A final lesson is the political reality of war. The British decision to withdraw from Afghanistan was made, in part, because of growing economic problems back home. As Preston notes in The Dark Defile, a series of poor harvests, a downturn in home demand for manufactures and rising government costs contributed to growing skepticism about the importance of Afghanistan. As Lord Auckland wrote to Macnaghten in 1841, British support for Afghanistan was more at risk “from financial than from military difficulties.” The parallels with today are unmistakable, where economic travails in Europe and the United States have forced policy makers to rethink the financial costs of the war.

THE FIRST Anglo-Afghan War left behind a cauldron of searing images that enshrined Afghanistan as a graveyard of empires. Lady Butler’s famous painting of Dr. William Brydon is symptomatic. It shows the paltry survivor alone, disheveled and clinging to life on a decrepit horse. On the horizon, the sun sets as Brydon leaves behind a parched Afghan landscape. The symbolism is unmistakable.

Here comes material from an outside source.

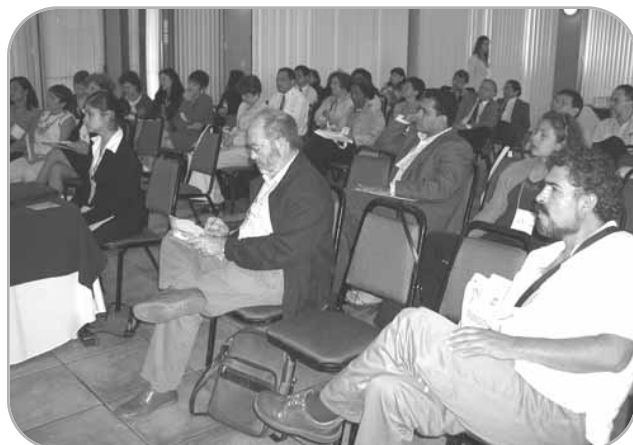
Participantes del Grupo de Educación Primaria.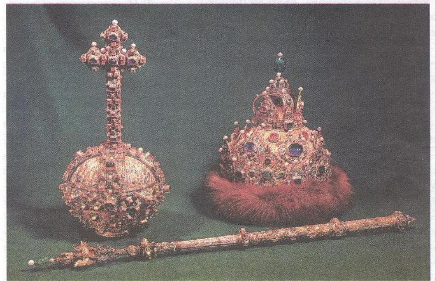
Знаки царской власти Михаила Романова: держава, венец (корона), скипетр.

Fortunately, this perception is largely mythical. As anthropologist Thomas Barfield soberly reminds us, “while the popular press often repeats the claim that no conqueror, including such figures as Alexander the Great or Chinggis Khan, ever succeeded in subduing the country, this is untrue.” Many of these conquerors did in fact subjugate the country and occupy the territory. What is less clear, however, is whether today’s foreign powers will learn the wrong lessons from Afghanistan’s history.

A precipitous withdrawal from Afghanistan, as some in the West hope for, may have grossly unintended consequences, especially if it leads to a Pakistan-backed Taliban takeover of the country. Today’s Afghan insurgents, including the Haqqani network and the Taliban, continue to cooperate with al-Qaeda and the Pakistani Taliban, both of which have targeted the United States. A Taliban government in Afghanistan would almost certainly remain an ally of al-Qaeda and would likely provide a boost to Islamic extremism in the region.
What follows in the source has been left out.